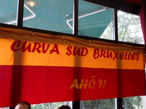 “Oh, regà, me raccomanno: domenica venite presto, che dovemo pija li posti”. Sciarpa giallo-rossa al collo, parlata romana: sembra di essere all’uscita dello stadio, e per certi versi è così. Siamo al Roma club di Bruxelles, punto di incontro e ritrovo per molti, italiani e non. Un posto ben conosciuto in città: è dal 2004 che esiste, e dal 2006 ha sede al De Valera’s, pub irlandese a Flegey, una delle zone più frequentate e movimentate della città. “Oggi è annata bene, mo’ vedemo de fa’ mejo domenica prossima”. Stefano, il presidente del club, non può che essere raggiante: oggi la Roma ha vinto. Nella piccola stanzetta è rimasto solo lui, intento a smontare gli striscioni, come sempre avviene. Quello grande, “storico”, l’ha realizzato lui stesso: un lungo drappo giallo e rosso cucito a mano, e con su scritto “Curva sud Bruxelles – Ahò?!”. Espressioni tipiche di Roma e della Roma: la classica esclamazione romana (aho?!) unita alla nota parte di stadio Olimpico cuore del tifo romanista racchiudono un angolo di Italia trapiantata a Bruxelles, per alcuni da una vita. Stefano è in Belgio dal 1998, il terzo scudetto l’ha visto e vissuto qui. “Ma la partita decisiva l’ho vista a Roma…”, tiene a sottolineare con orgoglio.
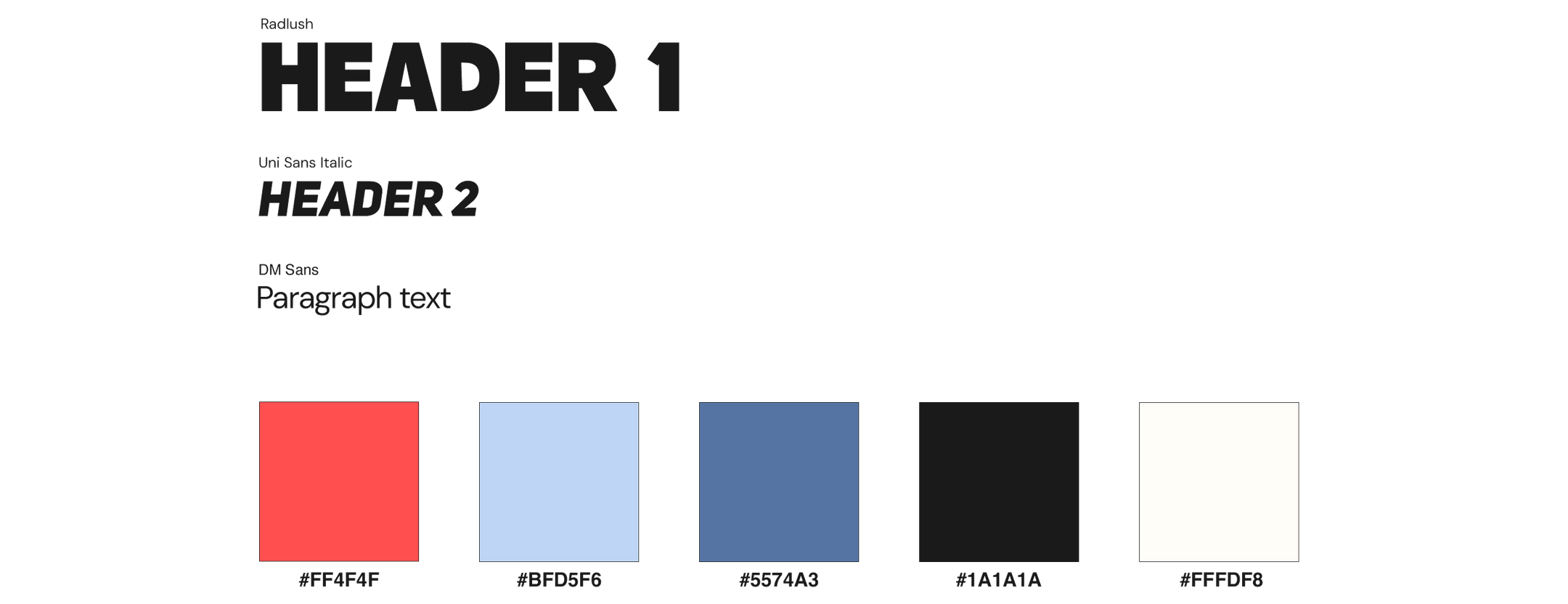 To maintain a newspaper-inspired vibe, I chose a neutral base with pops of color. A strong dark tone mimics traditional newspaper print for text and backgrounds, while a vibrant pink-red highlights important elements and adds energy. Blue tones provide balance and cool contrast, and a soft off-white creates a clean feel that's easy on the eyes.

* * *

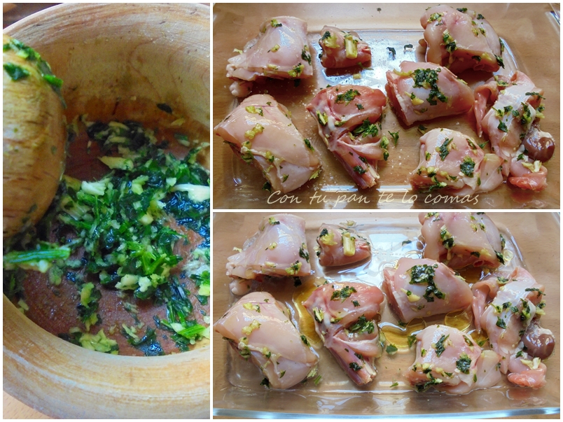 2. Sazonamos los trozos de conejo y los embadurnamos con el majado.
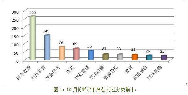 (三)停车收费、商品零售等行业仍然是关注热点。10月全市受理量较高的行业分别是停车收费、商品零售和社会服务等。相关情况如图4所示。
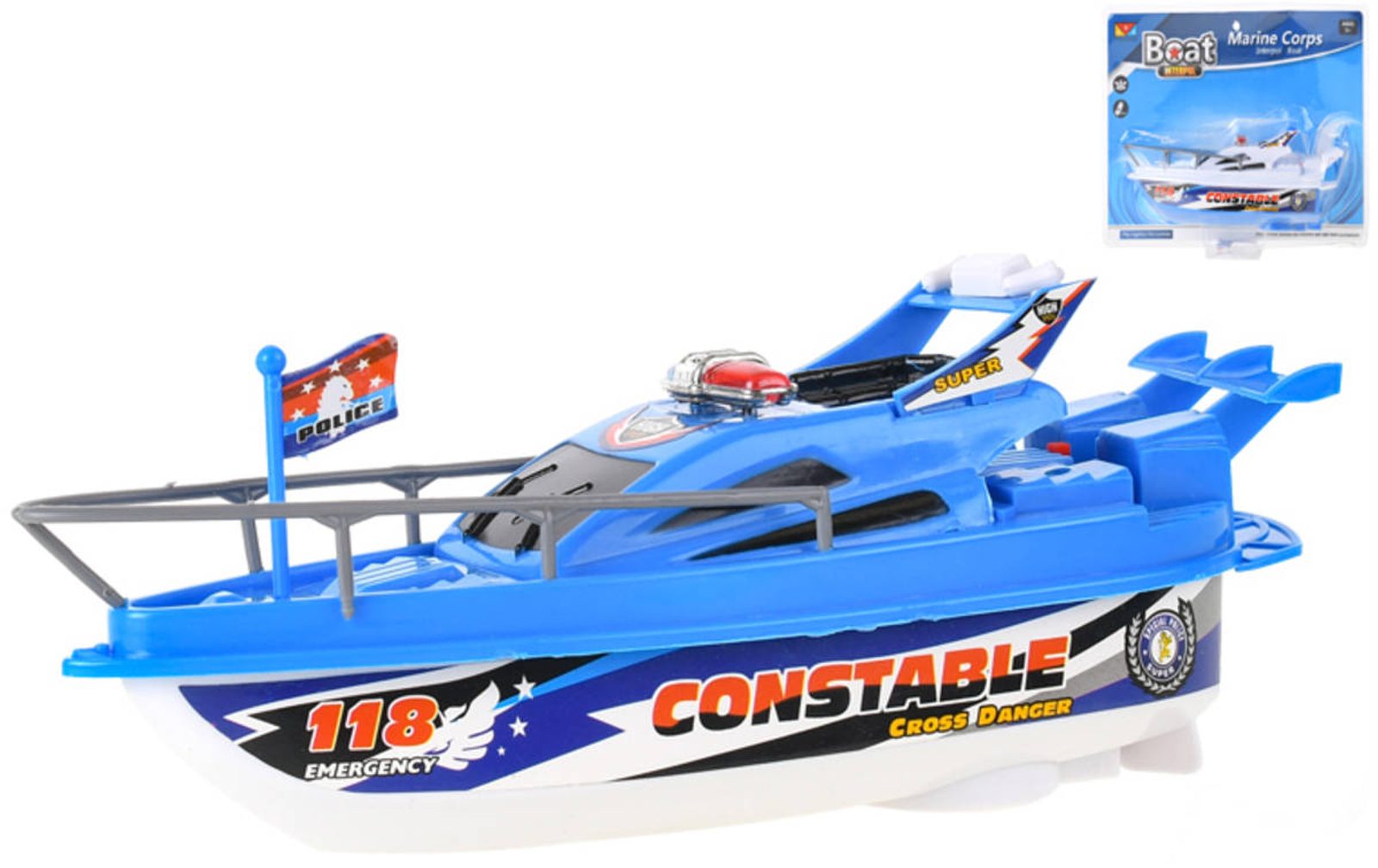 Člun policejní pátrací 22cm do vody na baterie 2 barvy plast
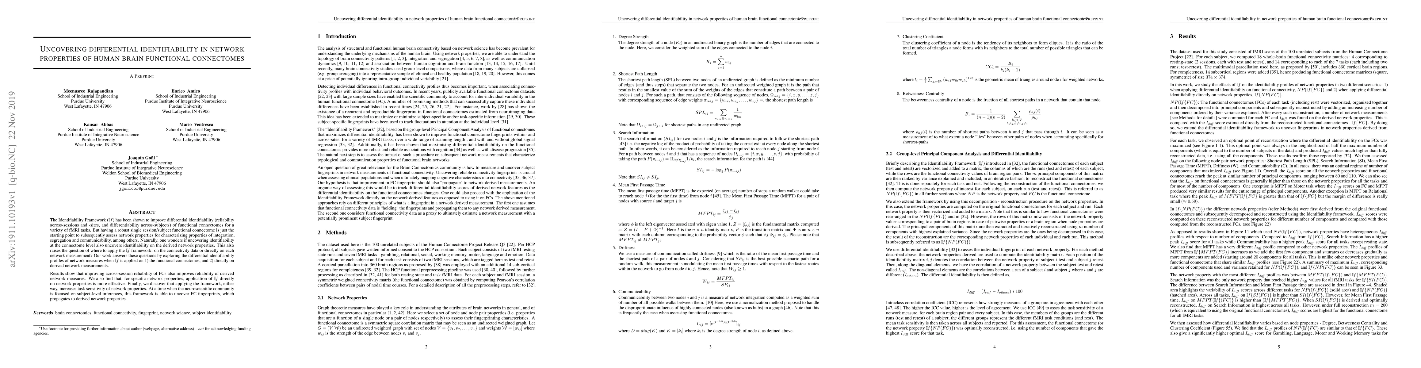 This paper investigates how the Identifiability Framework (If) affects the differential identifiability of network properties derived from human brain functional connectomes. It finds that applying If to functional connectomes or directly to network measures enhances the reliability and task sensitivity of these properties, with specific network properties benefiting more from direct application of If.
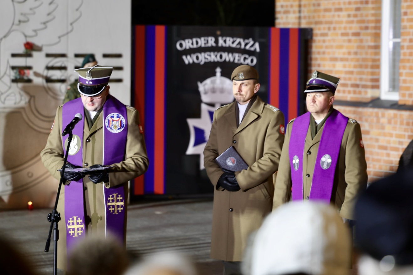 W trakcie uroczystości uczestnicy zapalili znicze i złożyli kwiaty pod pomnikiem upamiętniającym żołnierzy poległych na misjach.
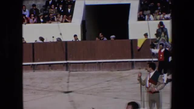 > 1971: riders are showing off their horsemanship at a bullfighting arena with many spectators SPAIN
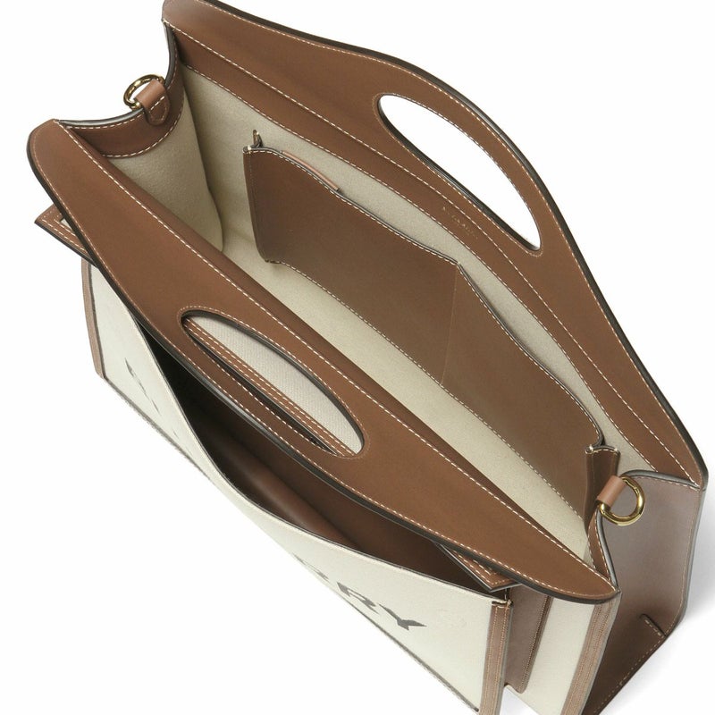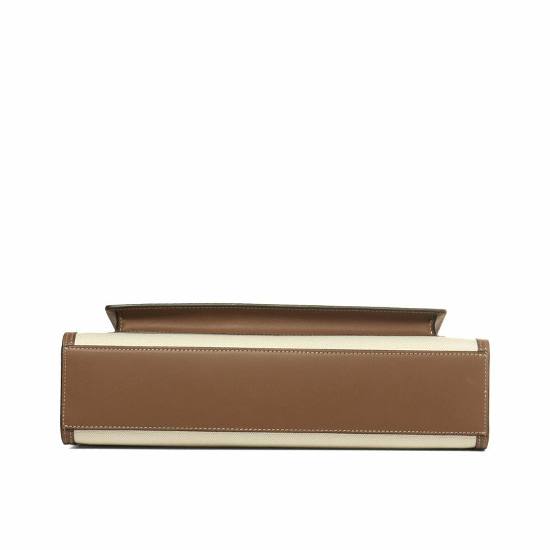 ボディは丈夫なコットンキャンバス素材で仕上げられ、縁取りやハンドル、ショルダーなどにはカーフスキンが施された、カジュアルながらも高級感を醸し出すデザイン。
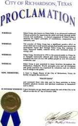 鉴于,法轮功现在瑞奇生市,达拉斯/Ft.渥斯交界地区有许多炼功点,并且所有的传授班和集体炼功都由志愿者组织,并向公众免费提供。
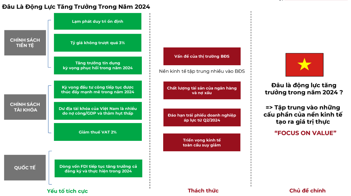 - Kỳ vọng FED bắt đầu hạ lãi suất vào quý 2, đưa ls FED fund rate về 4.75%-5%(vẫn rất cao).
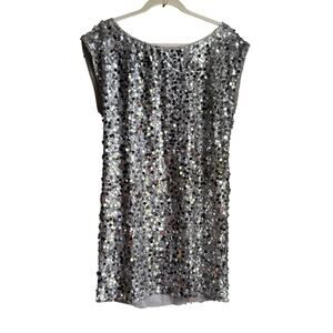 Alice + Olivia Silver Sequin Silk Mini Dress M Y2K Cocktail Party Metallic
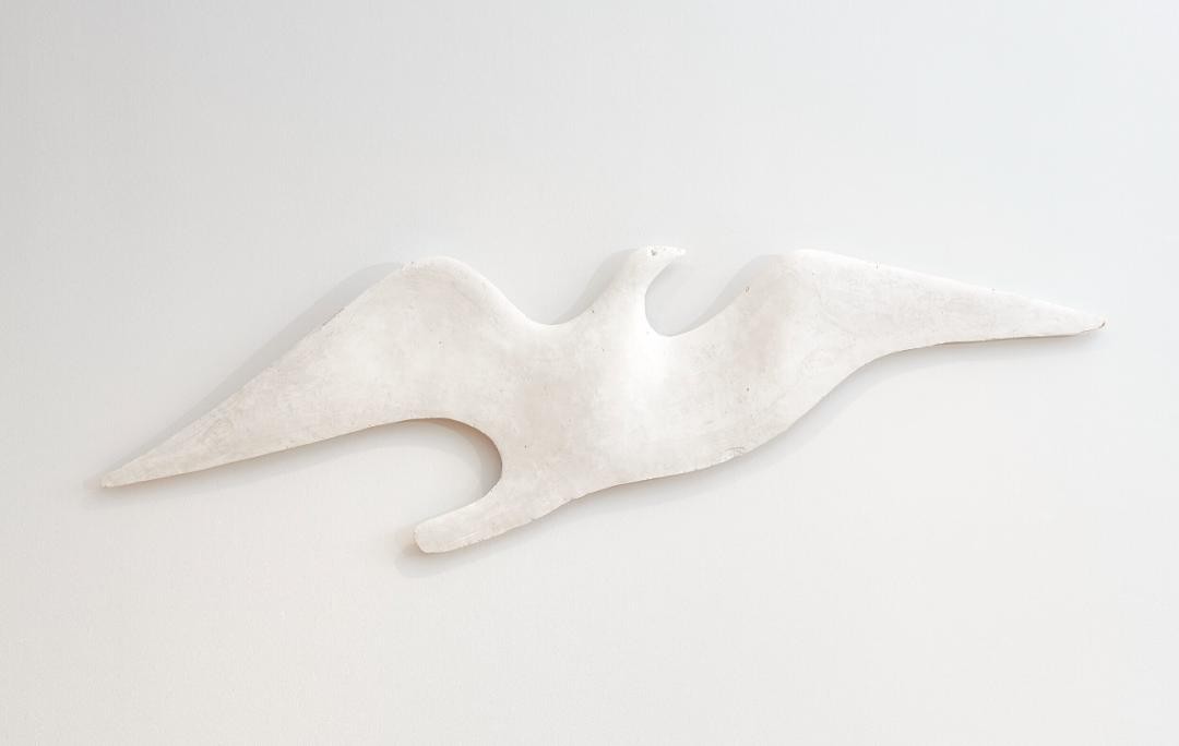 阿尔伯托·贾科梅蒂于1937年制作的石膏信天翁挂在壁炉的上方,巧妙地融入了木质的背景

■ TASK
Given the records above, return the lines starting at the one that holds "Alice + Olivia" and ending at the one that holds "阿尔伯托·贾科梅蒂于1937", exactly, and nothing besides; leave every picture out.

■ WRITTEN REPLY
 Alice + Olivia Silver Sequin Silk Mini Dress M Y2K Cocktail Party Metallic
 阿尔伯托·贾科梅蒂于1937年制作的石膏信天翁挂在壁炉的上方,巧妙地融入了木质的背景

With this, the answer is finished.